#### Supplied data:
'''

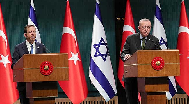 'İKİ DEVLETLİ ÇÖZÜME VERDİĞİMİZ ÖNEMİ İFADE ETTİM'Görüşmenin temel unsurlarından birisinin Filistin meselesi olduğunu belirten Erdoğan, "Sayın Hertzog'la konuya dair yaklaşımınızı ve hassasiyetlerimizi açıkça paylaştım. Bölgede gerginliğin azaltılmasına ve iki devletli çözüm vizyonunun muhafazasına verdiğimiz önemi ifade ettim. Kudüs'ün tarihi statüsü ile Mescid-i Aksa dini kimliği ve kutsiyetinin korunmasına atfettiğimiz önemin altını çizdim. Filistinlilerin sosyal ve ekonomik şartlarının iyileştirilmesinin ehemmiyetine dikkat çektim. Filistin halkına yönelik insani projeler yürüten TİKA ve Türk Kızılay gibi kuruluşlarımızın faaliyetlerinin devam etmesi hususunda İsrail makamlarının desteğini beklediğimizi özellikle vurguladım. Antisemitizmin bir insanlık suçu olduğu yönündeki yaklaşımınızı bir kez daha tekrarladım. Türkler ve Museviler yüzyıllar boyunca barış içinde bir arada yaşamanın en güzel örneklerini vermişlerdir. Bu müstesna tarihimize gölge düşürülmesine müsaade etmeyeceğiz. Koranavirüs salgınıyla beraber, dünyada nefret suçlarının yeniden arttığını görüyoruz. Antisemitizm, İslam düşmanlığı, yabancı karşıtlığı ve ırkçılıkla mücadele konusunda kararlı ve ilkeli tutumumuzu sürdürmeye devam edeceğiz" dedi.'İŞ BİRLİĞİNİ YENİDEN HAYATA GEÇİRMEK İÇİN FIRSAT'Ukrayna ve Doğu Akdeniz başta olmak üzere, güncel ve bölgesel ile uluslararası meseleler hakkında da fikir alışverişinde bulunduklarını söyleyen Erdoğan, "Önümüzdeki dönemin ikili ilişkilerimizin yanı sıra bölgesel iş birliği açısından da yeni fırsatları beraberinde getireceğine inanıyorum. Özellikle Dışişleri Bakanımızın hemen bu ziyaretin ardından Filistin'e ve İsrail'e yapacağı ziyareti önemsiyorum. Ardından yine Enerji ve Tabii Kaynaklar Bakanımızın İsrail ziyaretini de önemsiyorum. Türkiye olarak daha önce başlatılmış olan enerji noktasındaki iş birliğini yeniden hayata geçirmek için 'bu bir fırsattır' diye düşünüyorum. Şu anda bizim elimizde 4'üncüsü de yolda geliyor, 4 tane sondaj gemisi var. 2 tane de sismik araştırma gemisi var ve Karadeniz'de, Akdeniz'de bu çalışmaları iş birliğimizle planlamak suretiyle hayata geçirebiliriz. Uzun bir aradan sonra gerçekleşen bu önemli ziyaretin hayırlara vesile olmasını diliyorum" ifadelerini kullandı. HERZOG: BÖLGEYİ ÇARPICI BİÇİMDE ETKİLEYECEK İŞ BİRLİĞİ YAPMALIYIZİsrail Cumhurbaşkanı Herzog ise Türkçe olarak, "Eşim ve ben Türkiye'de misafiriniz olarak bulunmaktan çok mutluyuz" dedi. Herzog, görüşmenin ülkeler arasında çok önemli olduğunu belirterek, "Bu an, ülkelerimiz arasındaki ilişkilerde çok önemli bir andır. Her ikimiz için de bu büyük bir ayrıcalıktır. Amacımız, ülkelerimiz ve haklarımızı arasında dostane ilişkilerin gelişmesinin temellerini atmaktır. Ne yazık ki ülkelerimiz arasındaki ilişkiler son yıllarda bir darlık döneminden geçmiştir. İnanıyorum ki ülkeler arasındaki ilişkiler, karşılıklı saygı ruhunu yansıtan eylemlerle incelenecek ve hepimizin paylaştığı bölgesel ve küresel zorluklarla daha iyi başa çıkmamızı sağlayacaktır. İsrail ve Türkiye birçok alanda hepimizin ev olarak adlandırdığı bu bölgeyi çarpıcı biçimde etkileyecek bir iş birliği yapabilir ve yapmalıdır" dedi.İsrail Cumhurbaşkanı Herzog, Nazım Hikmet Ran'ın 'Yaşamaya Dair' şiirini okuyarak, "Yani öylesine ciddiye alacaksın ki yaşamayı, yetmişinde bile mesela zeytin dikeceksin. Hem de öyle çocuklara falan kalır diye değil. Ölmekten korktuğun halde ölüme inanmadığın için yaşamak yani ağır bastığından. Bugün şairin dediği gibiyiz. Birlikte daha anlamlı bir yaşam seçiyoruz. Geçmişteki anlaşmazlıklar kendi kendine ortadan kalkmaz. Fakat biz iki halk, iki ülke her alanda derinlemesine bir diyalog içerecek, güven ve saygı yolculuğuna çıkmayı seçiyoruz. Birlikte ileriye bakmayı seçiyoruz. Her konuda anlaşamayacağımız konusunda peşinen anlaşmak zorundayız. Ancak anlaşmazlıkları geleceğe yönelerek aşmaya çalışacağız" ifadelerini kullandı.Herzog, Cumhurbaşkanı Erdoğan'a Rusya ve Ukrayna arasındaki savaşta üstlendiği rol nedeniyle teşekkür etti.
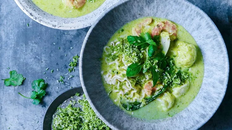 Härligt aromatisk curry med kokos och lime, som känns både värmande och fräsch. Scampin kan bytas ut mot frysta, skalade räkor som läggs i precis på slutet. 4 portioner 400 g blomkål 2 pak-choi 2 sall
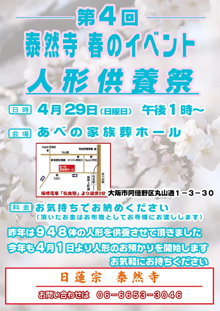 大阪セレモニー家族葬ホールでは毎年4月に「大阪セレモニー春のイベント」と題して、人形供養祭を行っております。
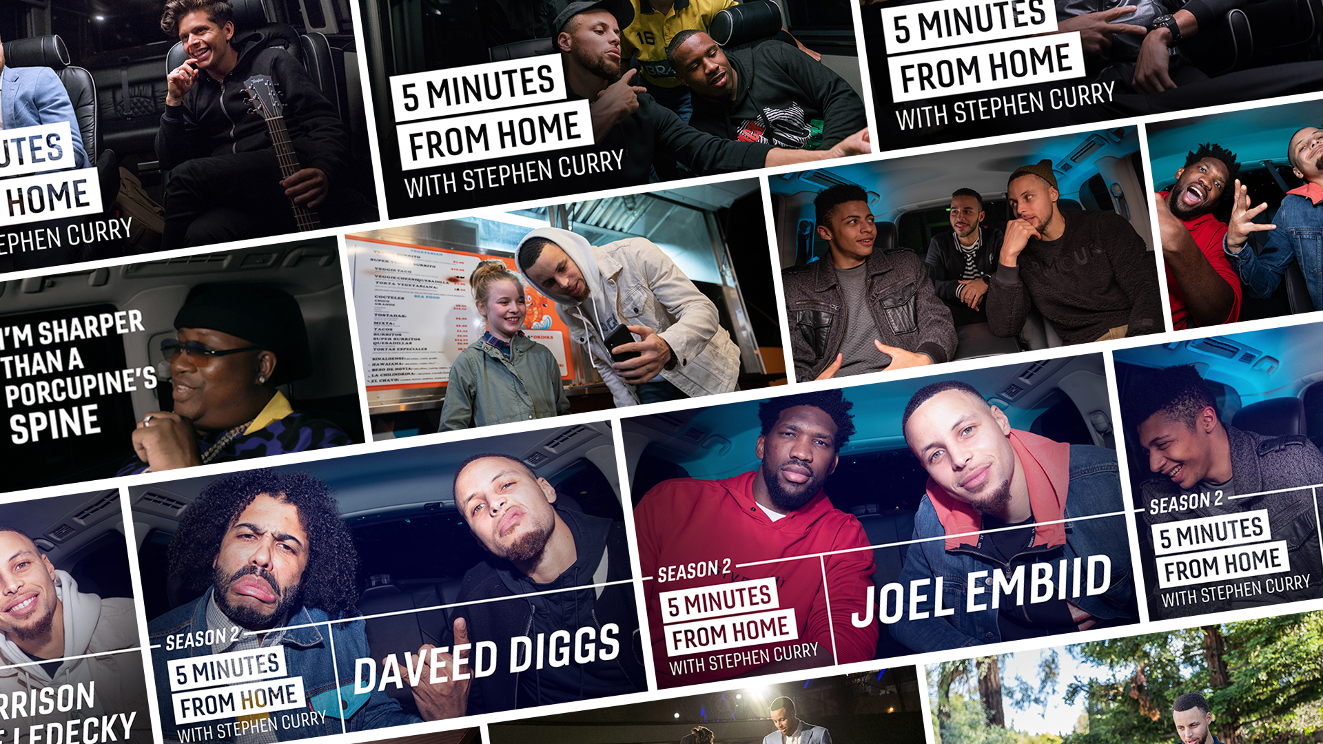 5 Minutes From Home is a candid YouTube interview series hosted by Stephen Curry with delicious food, unique guests, and real talk in the backseat of a van.

'''

#### Your instructions:
I would like the material above returned exactly as it stands, without its pictures.

#### Solution to this exercise:
 'İKİ DEVLETLİ ÇÖZÜME VERDİĞİMİZ ÖNEMİ İFADE ETTİM'Görüşmenin temel unsurlarından birisinin Filistin meselesi olduğunu belirten Erdoğan, "Sayın Hertzog'la konuya dair yaklaşımınızı ve hassasiyetlerimizi açıkça paylaştım. Bölgede gerginliğin azaltılmasına ve iki devletli çözüm vizyonunun muhafazasına verdiğimiz önemi ifade ettim. Kudüs'ün tarihi statüsü ile Mescid-i Aksa dini kimliği ve kutsiyetinin korunmasına atfettiğimiz önemin altını çizdim. Filistinlilerin sosyal ve ekonomik şartlarının iyileştirilmesinin ehemmiyetine dikkat çektim. Filistin halkına yönelik insani projeler yürüten TİKA ve Türk Kızılay gibi kuruluşlarımızın faaliyetlerinin devam etmesi hususunda İsrail makamlarının desteğini beklediğimizi özellikle vurguladım. Antisemitizmin bir insanlık suçu olduğu yönündeki yaklaşımınızı bir kez daha tekrarladım. Türkler ve Museviler yüzyıllar boyunca barış içinde bir arada yaşamanın en güzel örneklerini vermişlerdir. Bu müstesna tarihimize gölge düşürülmesine müsaade etmeyeceğiz. Koranavirüs salgınıyla beraber, dünyada nefret suçlarının yeniden arttığını görüyoruz. Antisemitizm, İslam düşmanlığı, yabancı karşıtlığı ve ırkçılıkla mücadele konusunda kararlı ve ilkeli tutumumuzu sürdürmeye devam edeceğiz" dedi.'İŞ BİRLİĞİNİ YENİDEN HAYATA GEÇİRMEK İÇİN FIRSAT'Ukrayna ve Doğu Akdeniz başta olmak üzere, güncel ve bölgesel ile uluslararası meseleler hakkında da fikir alışverişinde bulunduklarını söyleyen Erdoğan, "Önümüzdeki dönemin ikili ilişkilerimizin yanı sıra bölgesel iş birliği açısından da yeni fırsatları beraberinde getireceğine inanıyorum. Özellikle Dışişleri Bakanımızın hemen bu ziyaretin ardından Filistin'e ve İsrail'e yapacağı ziyareti önemsiyorum. Ardından yine Enerji ve Tabii Kaynaklar Bakanımızın İsrail ziyaretini de önemsiyorum. Türkiye olarak daha önce başlatılmış olan enerji noktasındaki iş birliğini yeniden hayata geçirmek için 'bu bir fırsattır' diye düşünüyorum. Şu anda bizim elimizde 4'üncüsü de yolda geliyor, 4 tane sondaj gemisi var. 2 tane de sismik araştırma gemisi var ve Karadeniz'de, Akdeniz'de bu çalışmaları iş birliğimizle planlamak suretiyle hayata geçirebiliriz. Uzun bir aradan sonra gerçekleşen bu önemli ziyaretin hayırlara vesile olmasını diliyorum" ifadelerini kullandı. HERZOG: BÖLGEYİ ÇARPICI BİÇİMDE ETKİLEYECEK İŞ BİRLİĞİ YAPMALIYIZİsrail Cumhurbaşkanı Herzog ise Türkçe olarak, "Eşim ve ben Türkiye'de misafiriniz olarak bulunmaktan çok mutluyuz" dedi. Herzog, görüşmenin ülkeler arasında çok önemli olduğunu belirterek, "Bu an, ülkelerimiz arasındaki ilişkilerde çok önemli bir andır. Her ikimiz için de bu büyük bir ayrıcalıktır. Amacımız, ülkelerimiz ve haklarımızı arasında dostane ilişkilerin gelişmesinin temellerini atmaktır. Ne yazık ki ülkelerimiz arasındaki ilişkiler son yıllarda bir darlık döneminden geçmiştir. İnanıyorum ki ülkeler arasındaki ilişkiler, karşılıklı saygı ruhunu yansıtan eylemlerle incelenecek ve hepimizin paylaştığı bölgesel ve küresel zorluklarla daha iyi başa çıkmamızı sağlayacaktır. İsrail ve Türkiye birçok alanda hepimizin ev olarak adlandırdığı bu bölgeyi çarpıcı biçimde etkileyecek bir iş birliği yapabilir ve yapmalıdır" dedi.İsrail Cumhurbaşkanı Herzog, Nazım Hikmet Ran'ın 'Yaşamaya Dair' şiirini okuyarak, "Yani öylesine ciddiye alacaksın ki yaşamayı, yetmişinde bile mesela zeytin dikeceksin. Hem de öyle çocuklara falan kalır diye değil. Ölmekten korktuğun halde ölüme inanmadığın için yaşamak yani ağır bastığından. Bugün şairin dediği gibiyiz. Birlikte daha anlamlı bir yaşam seçiyoruz. Geçmişteki anlaşmazlıklar kendi kendine ortadan kalkmaz. Fakat biz iki halk, iki ülke her alanda derinlemesine bir diyalog içerecek, güven ve saygı yolculuğuna çıkmayı seçiyoruz. Birlikte ileriye bakmayı seçiyoruz. Her konuda anlaşamayacağımız konusunda peşinen anlaşmak zorundayız. Ancak anlaşmazlıkları geleceğe yönelerek aşmaya çalışacağız" ifadelerini kullandı.Herzog, Cumhurbaşkanı Erdoğan'a Rusya ve Ukrayna arasındaki savaşta üstlendiği rol nedeniyle teşekkür etti.
 Härligt aromatisk curry med kokos och lime, som känns både värmande och fräsch. Scampin kan bytas ut mot frysta, skalade räkor som läggs i precis på slutet. 4 portioner 400 g blomkål 2 pak-choi 2 sall
 大阪セレモニー家族葬ホールでは毎年4月に「大阪セレモニー春のイベント」と題して、人形供養祭を行っております。
 5 Minutes From Home is a candid YouTube interview series hosted by Stephen Curry with delicious food, unique guests, and real talk in the backseat of a van.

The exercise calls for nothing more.